Banjir di Sulsel, Mentan Langsung Beri Bantuan Benih dan Pupuk di Wajo

Kurniasih Budi
Kompas.com - Selasa, 10 Juli 2018
Banjir di Sulsel, Mentan Langsung Beri Bantuan Benih dan Pupuk di WajoDok. Humas KementanMenteri Pertanian Andi Amran Sulaiman memberi bantuan pertanian bagi petani korban banjir di tiga kabupaten di Sulawesi Selatan, Senin (9/7/2018).

 

WAJO, KOMPAS.com - Menteri Pertanian (Mentan) Andi Amran Sulaiman langsung memberi bantuan bagi petani yang tengah dilanda banjir sehingga mengakibatkan gagal panen atau puso.

Petani di tiga kabupaten yang ada di Sulawesi Selatan yakni Bone, Soppeng, dan Wajo menderita kerugian akibat banjir.

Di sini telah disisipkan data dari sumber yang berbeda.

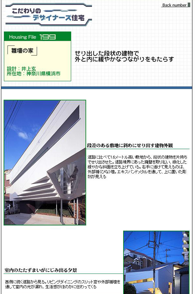 「優れた発想、コンセプトでつくられた質の高いデザインの新築戸建て住宅を、その設計意図と共にご紹介する下記サイトに掲載されました。詳しくはウェブマガジン「こだわりのデザイナーズ住宅」をご覧下さい。(2011年2月3日アップ)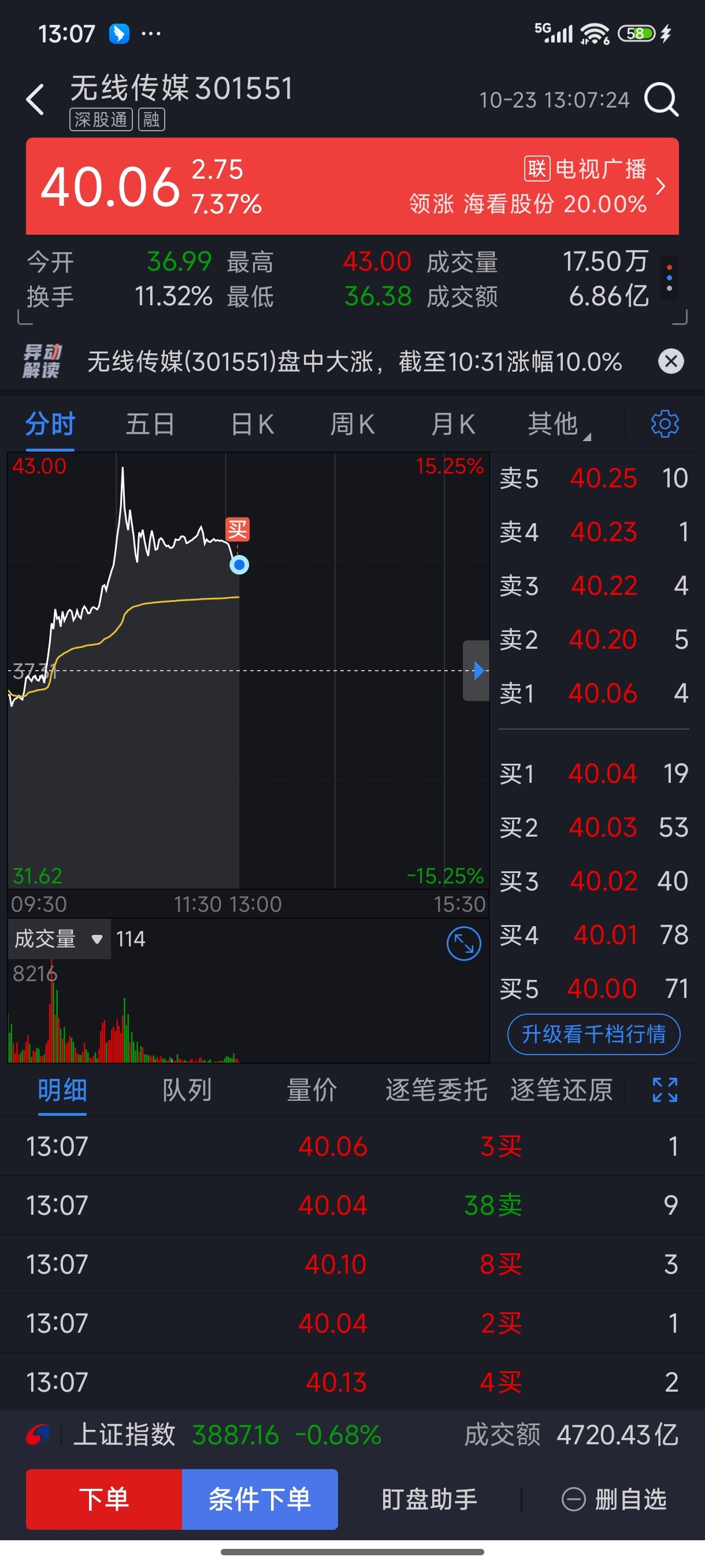 $无线传媒(SZ301551)$ 还是觉得会继续涨

Total puso di tiga kabupaten ini seluas 11.480 hektar (ha), meliputi Wajo 7.591 ha, Soppeng 2.969 ha, dan Bone 920 ha.

Korban banjir di Kabupaten Wajo merupakan daerah pertama yang dikunjungi Amran, Senin (9/7/2018).

Bantuan pertanian

Dalam kunjungannya, Amran memberikan bantuan secara gratis berupa benih, pupuk, asuransi pertanian, serta alat mesin pertanian seperti pompa air dan eksavator kepasa petani di Wajo.

Bantuan juga diberikan untuk petani di Kabupaten Soppeng pada Selasa (10/7/2018). Khusus pupuk, total bantuan untuk 11.480 ha yakni 574 ton, nilainya mencapai Rp 2,7 miliar.

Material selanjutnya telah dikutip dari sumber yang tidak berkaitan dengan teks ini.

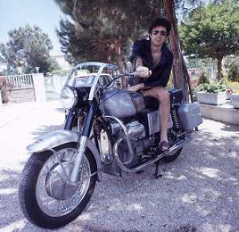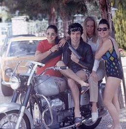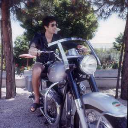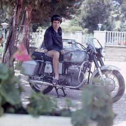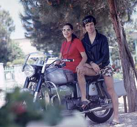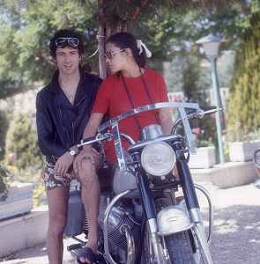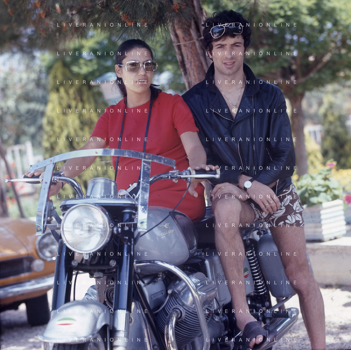 COL--RETROSPETTIVA DON BACKY PSEUDONIMO DI ALDO CAPONI CANTAUTORE ATTORE E SCRITTORE NELLA FOTO DON BACKY SULLA MOTOCICLETTA GUZZI CON LILIANA PETRALIA AG ALDO LIVERANI SAS

“Bapak Presiden sudah perintahkan langsung untuk kami ke lapangan dan beri bantuan pupuk dan benih gratis kepada seluruh masyarakat yang kena banjir di tiga kabupaten ini tanpa terkecuali,” kata Amran dalam pernyataan tertulis.

Menurut dia, pemerintah sangat fokus menyelesaikan permasalahan petani yang terkena banjir ini. Oleh karenanya, Kementerian Pertanian memberi bantuan secara langsung.

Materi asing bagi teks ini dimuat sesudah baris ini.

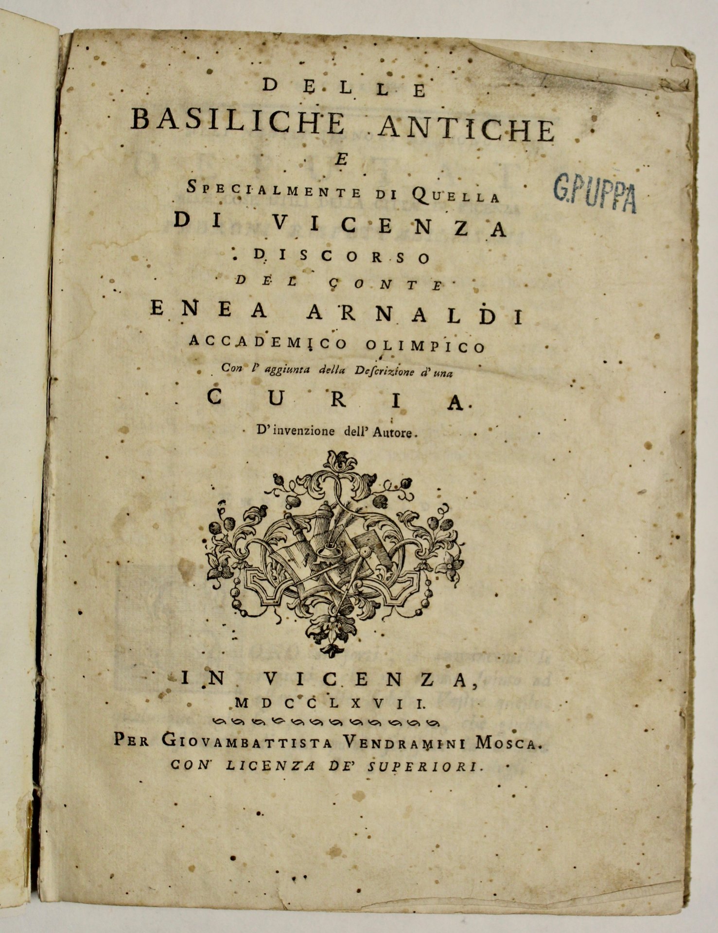 In 4° (mm 226 x 170). Pp.VIII, CXXXV, 4 tavv. rip.f.t. (su 8) più volte raffiguranti prospetti e piante sulla Basilica palladiana di Vicenza. Frontespizio con piccolo fregio sotto il titolo e timbro blu di possesso "G. Puppa" in alto a destra. <BR>Dedica iniziale ai nobili Signori deputati della città di Vicenza e prefazione. Capilettera silografici alle pp. III, VII, VIII, della dedica e della prefazione.<BR>Capilettera silografici alla p. I, IX, LX, CX del testo. Fregi e finalini sono posti all'inizio e al termine delle varie parti in cui è suddiviso il testo.<BR>Legatura in pergamena con titolo manoscritto al dorso. Prima edizione, opera importante per la storia civile ed artistica di Vicenza. Volume in buono stato di conservazione con ampi margini.Mancante del ritratto di Palladio. La prima delle quattro tavole presenta uno strappo. Cicognara 876. € 380<BR>. Delle Basiliche antiche e specialmente di quella di Vicenza, Discorso del Conte Enea Arnaldi accademico olimpico con l'aggiunta della descrizione d'una Curia. Vicenza, per Giovambattista Vendramini Mosca, 1767.<BR>In 4° (226 x 170). Pp.VIII, CXXXV, 4 tavv. rip.f.t. (su 8) più volte raffiguranti prospetti e piante sulla Basilica palladiana di Vicenza. Frontespizio con piccolo fregio sotto il titolo e timbro blu di possesso "G. Puppa" in alto a destra. <BR>Dedica iniziale ai nobili Signori deputati della città di Vicenza e prefazione. Capilettera silografici alle pp. III, VII, VIII, della dedica e della prefazione.<BR>Capilettera silografici alla p. I, IX, LX, CX del testo. Fregi e finalini sono posti all'inizio e al termine delle varie parti in cui è suddiviso il testo.<BR>Legatura in pergamena con titolo manoscritto al dorso. Prima edizione, opera importante per la storia civile ed artistica di Vicenza. Volume in buono stato di conservazione con ampi margini.Mancante del ritratto di Palladio. La prima delle quattro tavole presenta uno strappo. Cicognara 876. € 380<BR>

Menteri Pertanian Andi Amran Sulaiman memberi bantuan pertanian bagi petani korban banjir di tiga kabupaten di Sulawesi Selatan, Senin (9/7/2018).Dok. Humas Kementan Menteri Pertanian Andi Amran Sulaiman memberi bantuan pertanian bagi petani korban banjir di tiga kabupaten di Sulawesi Selatan, Senin (9/7/2018).

“Kami tidak ingin simbolis dalam pengirimannya, kami cek langsung pengirimannya dan kami cek langsung sopir juga agar bantuan dibongkar hari ini. Jangan sampai nanti benihnya dibawa pulang karena masyarakat membutuhkan benihnya dan kita gantikan benih dan pupuk gratis. Kami pastikan nanti juga kalau kurang bantuan kami akan kirim bantuan tambahan dari pusat,” ucap Amran.

Untuk mengoptimalkan penyaluran bantuan secara cepat dan tepat sasaran, Amran meminta bupati dan dinas pertanian untuk mengerahkan brigade agar bantuan alat mesin pertanian, benih, dan pupuk agar cepat sampai ke petani.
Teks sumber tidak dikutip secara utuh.